§ **Your objective**: Word for word, restate the lines of the listing below from the line with "- 12 Inch Motion" through the line with "Q: Is the Pankoo", and do not include the pictures.

§ **Recorded data**:
===============

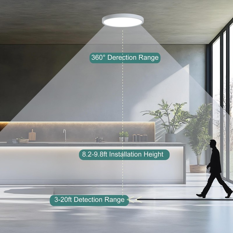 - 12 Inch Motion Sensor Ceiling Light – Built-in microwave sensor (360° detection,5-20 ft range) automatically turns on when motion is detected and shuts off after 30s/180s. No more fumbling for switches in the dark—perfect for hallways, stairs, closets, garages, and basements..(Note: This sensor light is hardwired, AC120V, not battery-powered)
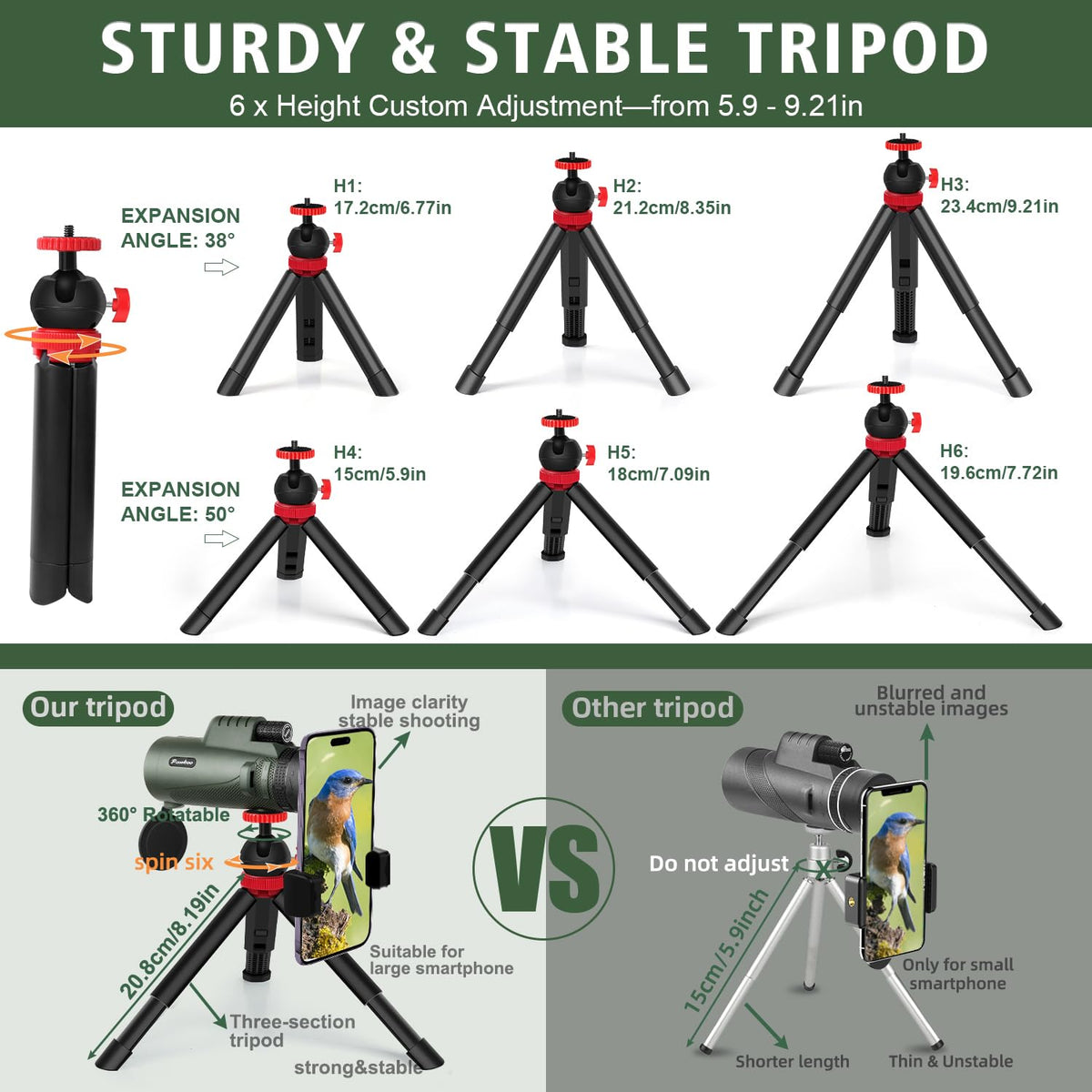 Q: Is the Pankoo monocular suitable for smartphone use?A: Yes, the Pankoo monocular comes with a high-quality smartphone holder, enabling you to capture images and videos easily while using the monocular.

===============

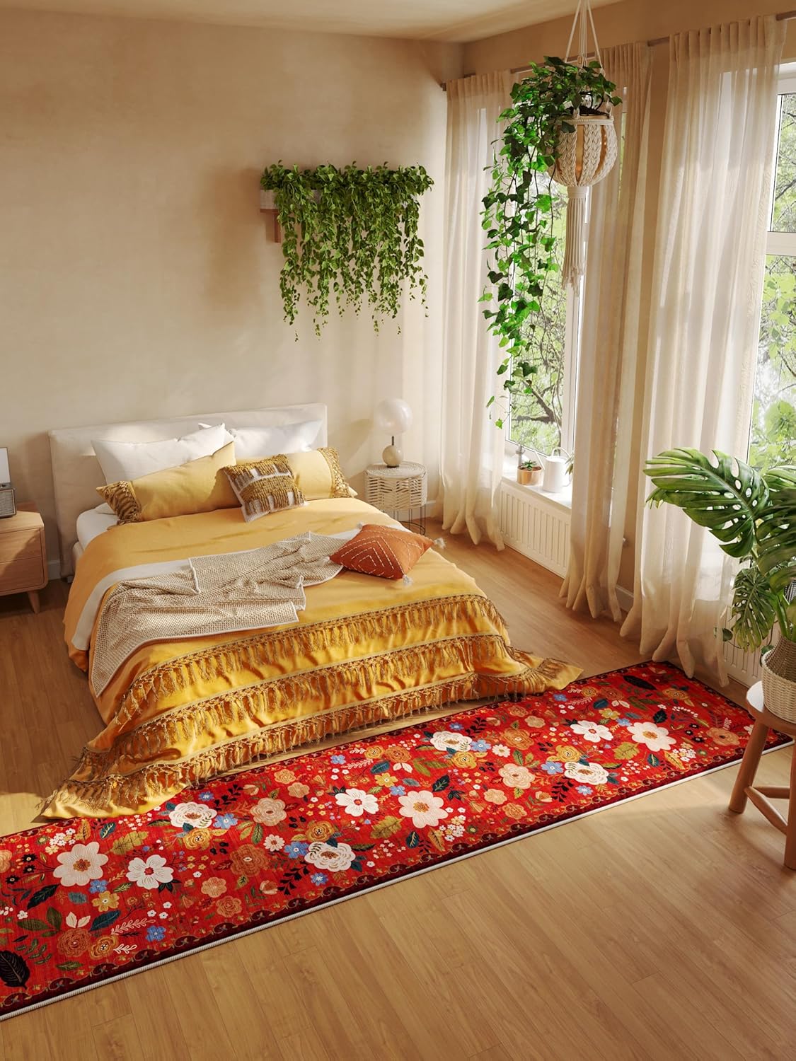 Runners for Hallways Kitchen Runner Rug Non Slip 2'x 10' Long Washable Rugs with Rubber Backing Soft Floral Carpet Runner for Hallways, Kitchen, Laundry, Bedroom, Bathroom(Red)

===============

§ **Answer box**:
 - 12 Inch Motion Sensor Ceiling Light – Built-in microwave sensor (360° detection,5-20 ft range) automatically turns on when motion is detected and shuts off after 30s/180s. No more fumbling for switches in the dark—perfect for hallways, stairs, closets, garages, and basements..(Note: This sensor light is hardwired, AC120V, not battery-powered)
 Q: Is the Pankoo monocular suitable for smartphone use?A: Yes, the Pankoo monocular comes with a high-quality smartphone holder, enabling you to capture images and videos easily while using the monocular.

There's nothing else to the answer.